There is nothing wrong in one wanting to spread the message of Islam. I have no problems with that. In fact, I would go for it as I personally feel Islam is grossly misunderstood and is a victim of bad PR — especially since 911. But this should not be the job of PAS. ABIM, JIM and the many other Muslim groups that have been around for a long time can do this. Anyone from PAS who wants to ‘serve Islam’ can go join one of these many groups. Let PAS focus on what it should be doing — finding ways in which to win the election so that it can form the government.
There are those who say PAS should not ‘sacrifice’ its Islamic principles just for the sake of winning the election. Accepted! I can buy that! Then let us agree that PAS is not interested in winning any elections but is more interested in propagating Islam. At least this would make it very clear to all and sundry. Then those who share these same ideals can join PAS while those who want to win elections and form the government can decide whether they still want to associate with PAS or distant themselves from it.

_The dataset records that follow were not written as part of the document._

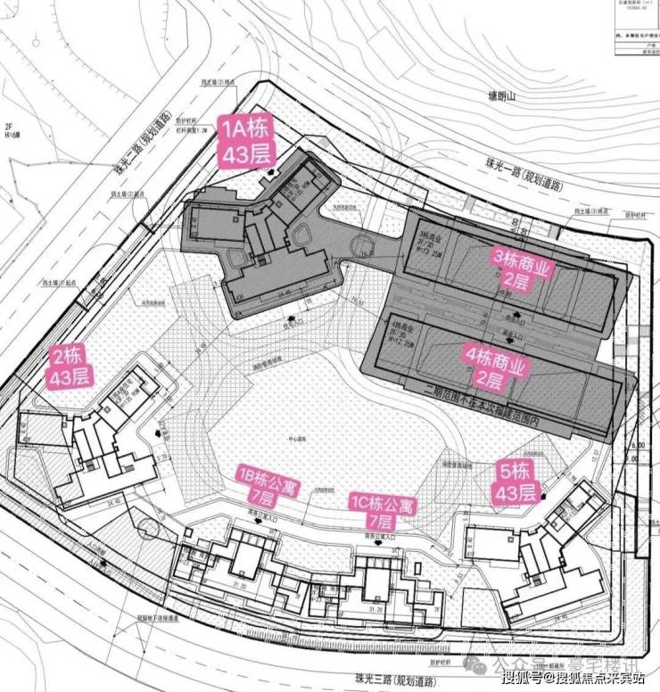 可以出售的商品住宅更靠近山体,位于03-01地块,分两期开发,共448户住宅,其中338户小于90㎡,最高楼层43层。
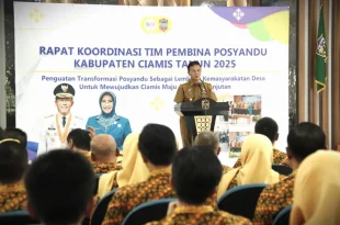 CIAMIS DESA NUSANTARA Bupati Ciamis Herdiat Sunarya menegaskan bahwa Posyandu merupakan ujung tombak pelayanan masyarakat di tingkat desa. Hal tersebut disampaikannya saat membuka Rapat Koordinasi (Rakor) Tim Pembina Posyandu Kabupaten Ciamis Tahun 2025 yang digelar di Aula PKK Ciamis, pada Senin (13/10/2025). Rakor tersebut mengusung tema “Penguatan Transformasi Posyandu sebagai Lembaga Kemasyarakatan Desa untuk Mewujudkan Ciamis Maju …
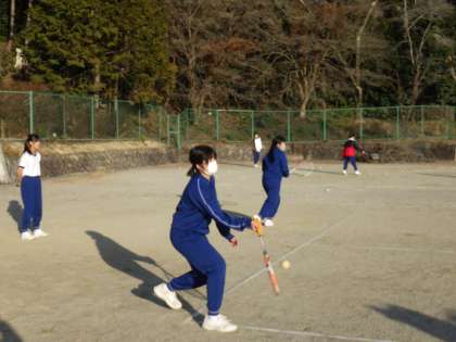 昨日より再開した平日の帰りの部活動。女子ソフトテニス部の活動の様子です。

PAS should make its objectives very clear and not misrepresent itself. Is it in the business of politics, winning elections and forming governments or in the business of propagating Islam? Both may not be compatible, so PAS would need to choose one or the other. And PAS must also make sure people understand this so that they can make a choice.
As bitter as this may sound, this is reality. And good medicine is always bitter while the truth, most times, hurt. This is PAS’ last chance. Either it makes it this time around or it would become irrelevant. So PAS has to choose its mission and vision very carefully and make this clear to Malaysians. And if Malaysians reject PAS for what it sees as a mission and vision that is totally unacceptable, then PAS must live with this. PAS may not win any elections but at least its conscience is clear in that it is performing its Islamic duty. And people who are more interested in winning the election and forming the government can move on and stay as far away from PAS as possible.

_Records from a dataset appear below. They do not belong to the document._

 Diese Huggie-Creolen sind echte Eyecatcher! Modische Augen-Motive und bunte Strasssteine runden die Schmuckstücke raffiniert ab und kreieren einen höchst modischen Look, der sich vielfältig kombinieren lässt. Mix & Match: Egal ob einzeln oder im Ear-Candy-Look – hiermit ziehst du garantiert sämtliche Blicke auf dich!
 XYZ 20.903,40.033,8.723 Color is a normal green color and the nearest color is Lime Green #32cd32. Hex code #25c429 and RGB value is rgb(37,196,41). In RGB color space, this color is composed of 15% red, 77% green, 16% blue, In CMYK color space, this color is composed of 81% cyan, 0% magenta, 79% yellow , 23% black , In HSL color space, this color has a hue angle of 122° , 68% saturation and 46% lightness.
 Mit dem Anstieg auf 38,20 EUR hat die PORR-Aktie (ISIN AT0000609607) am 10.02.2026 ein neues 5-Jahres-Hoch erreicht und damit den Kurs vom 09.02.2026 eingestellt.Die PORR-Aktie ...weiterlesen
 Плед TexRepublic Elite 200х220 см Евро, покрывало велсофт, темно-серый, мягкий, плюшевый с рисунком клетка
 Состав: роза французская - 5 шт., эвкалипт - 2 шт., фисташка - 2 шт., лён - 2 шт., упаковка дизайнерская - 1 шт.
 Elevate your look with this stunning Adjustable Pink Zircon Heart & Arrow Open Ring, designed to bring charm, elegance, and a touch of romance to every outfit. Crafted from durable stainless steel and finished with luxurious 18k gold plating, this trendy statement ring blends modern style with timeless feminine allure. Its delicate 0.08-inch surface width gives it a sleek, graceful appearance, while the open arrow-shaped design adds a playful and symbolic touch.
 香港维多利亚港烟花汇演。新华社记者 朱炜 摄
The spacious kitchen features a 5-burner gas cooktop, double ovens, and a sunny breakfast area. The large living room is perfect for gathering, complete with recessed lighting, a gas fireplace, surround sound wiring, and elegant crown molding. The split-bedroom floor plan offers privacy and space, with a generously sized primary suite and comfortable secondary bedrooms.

PAS is now in the hands of a new crop of younger, professional leaders who were voted in last weekend. These leaders know what ails the party and what is required for the party to regain its health. These people have to realise that they are not just playing with PAS’ future but the future of the entire opposition. PAS’ and PKR’s fortunes are intertwined. Whatever PAS decides affects PKR as well. And this was proven in last year’s general election.
For all intents and purposes, PAS’ party election last weekend was to choose leaders for the entire opposition. Let us hope these new leaders will now look at the opposition’s needs and not just their own party’s needs before they make any crucial decisions from now on.